Asterisk
  1. Asterisk
  2. ASTERISK-27192

res_pjsip: Loss of SIP registrations causing unavailable endpoints

    Details

    • Frequency of Occurrence:
      Frequent

      Description

      When rewrite_contact is enabled, the max_contacts count can block re-registrations because the source port from the endpoint can be random. When the re-registration is blocked, the endpoint may give up re-registering and require manual intervention. While working on ASTERISK-27147 this issue was identified and discussed on IRC.

      (11:41:44 AM) rmudgett: file: gtjoseph So... What is the benefit to having a set number of max_contacts to pjsip AORs? In light of rewrite_contact this can get in the way if you re-register after a restart.
      (11:42:55 AM) gtjoseph: not sure actually other than limit 1
      (11:43:39 AM) rmudgett: Setting to one actually makes the issue with rewrite_contact more likely.
      (11:43:43 AM) gtjoseph: is the issue having a limit of having more than 1?
      (11:44:06 AM) file: the issue is that if it's not a refresh then the REGISTER would be rejected
      (11:44:14 AM) file: until a contact expires
      (11:44:38 AM) rmudgett: Yes. And if the register is rejected, the endpoint may give up trying to register.
      (11:45:51 AM) gtjoseph: well, we also have "remove_existing"
      (11:45:53 AM) file: I think having remove_existing work in that case smarter would be the option, it would still limit to a max but allow registrations
      (11:46:07 AM) rmudgett: There is also the chan_sip compatibility option of remove_existing in the mix.
      (11:46:55 AM) rmudgett: file: How could remove_existing work smarter?
      (11:47:06 AM) file: what does it do right now in that scenario?
      (11:49:46 AM) gtjoseph: are we thinking that multiple contacts will be an issue or that having the set limit will be?
      (11:50:06 AM) file: the set limit is the problem
      (11:50:08 AM) rmudgett: The set limit is the problem.
      (11:50:55 AM) file: I think remove_existing should remove the number of contacts required to allow the new REGISTER to succeed
      (11:51:31 AM) gtjoseph: but which ones? Oldest?
      (11:51:43 AM) file: the ones that will expire naturally soonest
      (11:51:51 AM) gtjoseph: yeah makes sense
      (11:52:30 AM) rmudgett: Remove existing removes all contacts that were not just registered.
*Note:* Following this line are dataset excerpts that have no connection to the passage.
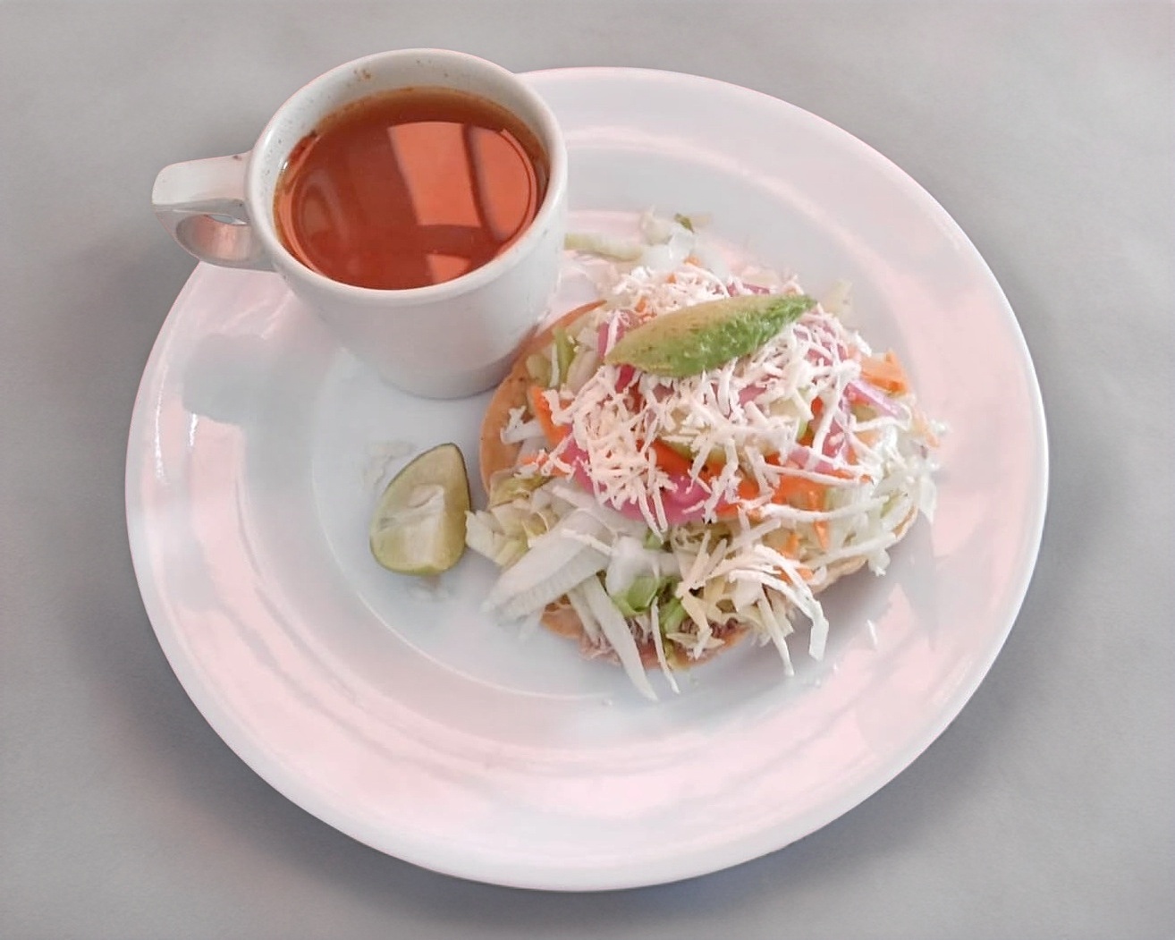 Tostada de res preparada con frijol, lechuga, zanahoria, cebolla, aguacate, pepino, queso, media crema, salsa y consomé.
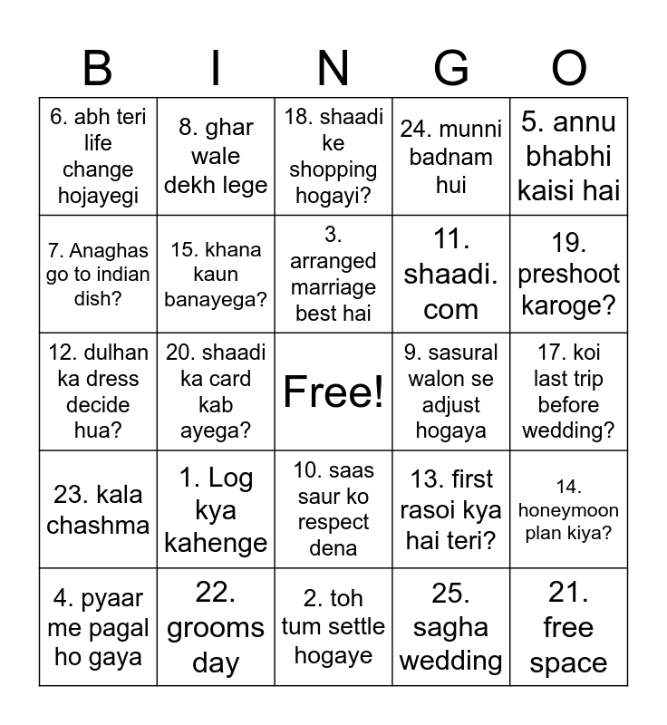 This bingo card has a free space and 25 words: 1. Log kya kahenge, 2. toh tum settle hogaye, 3. arranged marriage best hai, 4. pyaar me pagal ho gaya, 5. annu bhabhi kaisi hai, 6. abh teri life change hojayegi, 7. Anaghas go to indian dish?, 8. ghar wale dekh lege, 9. sasural walon se adjust hogaya, 10. saas saur ko respect dena, 11. shaadi. com, 12. dulhan ka dress decide hua?, 13. first rasoi kya hai teri?, 14. honeymoon plan kiya?, 15. khana kaun banayega?, 16. joote churane ke liye tayar, 17. koi last trip before wedding?, 18. shaadi ke shopping hogayi?, 19. preshoot karoge?, 20. shaadi ka card kab ayega?, 21. free space, 22. grooms day, 23. kala chashma, 24. munni badnam hui and 25. sagha wedding.
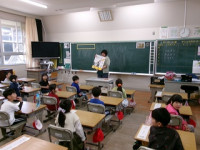 1年生にとっては初めての経験であり、読み聞かせに興味津々、目を輝かせて聞き入っていました。人の顔よりも大きな本にびっくりでした。

After it ignores any currently in the contacts container
      (11:52:53 AM) rmudgett: remove_existing won't let you add more than max_contacts
      (11:53:13 AM) file: I know, I'm saying I think it is reasonable for the behavior to change to the above
      (11:53:21 AM) file: which solves the problem
      (11:54:35 AM) rmudgett: I'm just wondering why have a set limit. Either max_contacts=0 to disable registrations or max_contacts=infinity.
      (11:55:42 AM) gtjoseph: not sure i can think of an exact use case immediately but we really can't change it now
      (11:55:45 AM) rmudgett: Is there some benefit to setting max_contacts=3 for instance?
      (11:56:31 AM) rmudgett: It could be documented that max_contacts is not a security feature and is not recommended to set it to a low value.
      (11:56:31 AM) file: outright benefit? no - but it can limit exposure
      (11:56:49 AM) file: specifying a recommendation is fine
      (11:56:56 AM) file: but as gtjoseph said - it's not getting removed
      (11:57:35 AM) gtjoseph: it can also be used by a service provider to only allow a certain number of servers to register to an endpoint.
      (11:58:56 AM) rmudgett: Which said service provider is likely to need rewrite_contact enabled and cause the problem of hitting the limit because of the random remote port number being registered.
      (11:59:18 AM) file: which is why I said I think it's reasonable for remove_existing to behave as I stated, which solves the problem
      (11:59:31 AM) gtjoseph: exactly
      (12:01:49 PM) rmudgett: That changes remove_existing behavior from chan_sip behavior as it is documented to enable.
      (12:02:41 PM) file: in a configuration that mirrors chan_sip it would function the same
      (12:02:55 PM) file: the only scenario where it functions differently is if multiple contacts are enabled, which is a chan_pjsip feature
      (12:03:09 PM) file: and it would function in a way which is better for the user
      (12:03:46 PM) file: and if you are enabling multiple contacts then the existing behavior is against that from the first place - as others would be removed defeating it in the first place
      (12:06:58 PM) rmudgett: So. The new behavior would be:
      (12:06:58 PM) rmudgett: 1) Don't check max_contacts if remove_existing is enabled
      (12:06:58 PM) rmudgett: 2) Process the register contacts.
      (12:06:58 PM) rmudgett: 3) If remove_existing enabled then remove the soonest to expire contacts until there are at most max_contacts.
      (12:06:58 PM) rmudgett: 4) send register response
      (12:07:35 PM) file: if you are referring to new logic, yes, that sounds about right
      (12:12:44 PM) rmudgett: With the new behavior, remove_existing could use a better name.
      (12:42:23 PM) gtjoseph: rmudgett: careful with that logic... depending on Expires, times the pass that removes the soonest to expire might remove the one just registered.
      (12:42:40 PM) gtjoseph: s/times//
      (12:42:41 PM) infobot: gtjoseph meant: rmudgett: careful with that logic... depending on Expires, the pass that removes the soonest to expire might remove the one just registered.
      (12:43:21 PM) gtjoseph: i think you have to remove until there's an open spot, then register.
      (12:50:43 PM) rmudgett: We certainly cannot add more than the max. We already keep track of the unmodified contacts so we can remove the soonest to expire unmodified contacts.
      (12:52:43 PM) gtjoseph: ok, so long as it's "unmodified contacts"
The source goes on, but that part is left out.